How AI Safety Evaluations & Benchmarks can aid in AI governance

What are AI Safety Evaluations

“Evals” are tests that measure how AI models behave, and how powerful they are becoming. In AI Safety, evals are often designed to measure dangerous capabilities, such as cybersecurity capabilities, self-replication and autonomous AI research.

Importantly, evals can measure if an AI is too dangerous to deploy. There are some red lines that no AI model should ever cross, for example when it can…

self-replicate. (E.g. RepliBench
). A self-replicating AI could escape from a lab and spread to other machines.
make more powerful AI models. E.g. RE-bench
. A self-improving AI could rapidly become more powerful than humans.

Preventing deployment is not enough

Things can go wrong even before deployment. Self-replication and self-improvement can happen in an AI lab, before the model is publicly available.

This is why we need a Pause Button. We need to globally halt the development of increasingly powerful AI models, before these dangerous capabilities are fully matured. This Pause Button should be pressed when the evaluations are showing we’re entering the danger zone.

What AI companies are doing

Most of the frontier AI companies are doing safety evaluations on their models before they deploy them and include the results of these evaluations in so called “System Cards”. Most of them (except for Meta and Apple) have signed the EU AI Code of Practice

, which mentions “state‑of‑the‑art model evaluations” (Measure 3.2).
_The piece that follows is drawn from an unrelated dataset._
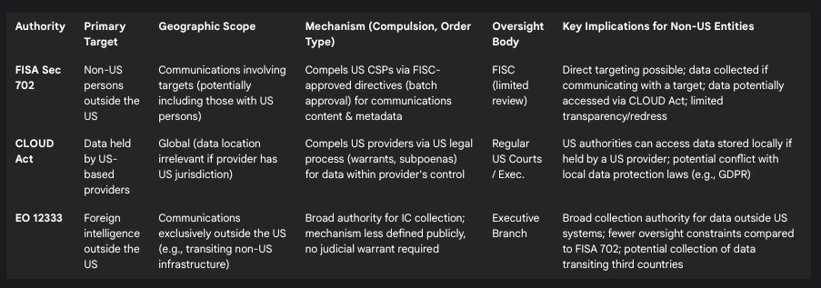 US surveillance laws like FISA Section 702 and Executive Order 12333 are explicitly designed or operationally function to collect intelligence from non-US persons located outside the United States.3 While Section 702 requires targeting non-US persons abroad, the nature of global communications means this "incidental" collection inevitably sweeps up vast quantities of data belonging to individuals worldwide who communicate with targets or simply use US-based platforms.4 EO 12333 allows for broad collection outside the US with even fewer constraints.4

This also means that some of these companies are not doing any safety evaluations, and the ones that are performed are not yet required and not standardized. In other words, we desperately need regulations to require standardized safety evaluations.

What countries are doing

Multiple governments are now seriously investing in AI Evaluations / Benchmarks to measure dangerous capabilities:

UK AISI has built the Inspect framework
, written Replibench
, is now investing 15M GBP in evals & alignment research grants
EU Commission is lauching a 10M EUR tender
, and a big grant with the Horizon programme
. They have also launched the The General-Purpose AI Code of Practice
, which includes a requirement to do “state‑of‑the‑art model evaluations” (Measure 3.2).
US AI Action Plan
mentions evaluations and hardware controls
China (concordia AI + Shanghai AI lab) has just released a report with a lot of evals
Other governments are working on evaluations as well

The fact that so many countries are working on evaluations creates a very important opportunity for us. If these countries and institutes would use the same benchmarks and have some common red lines, that would be an important step towards a global treaty. In addition to that, we should clearly communicate to politicians that when a red line is crossed, it’s time to stop further development.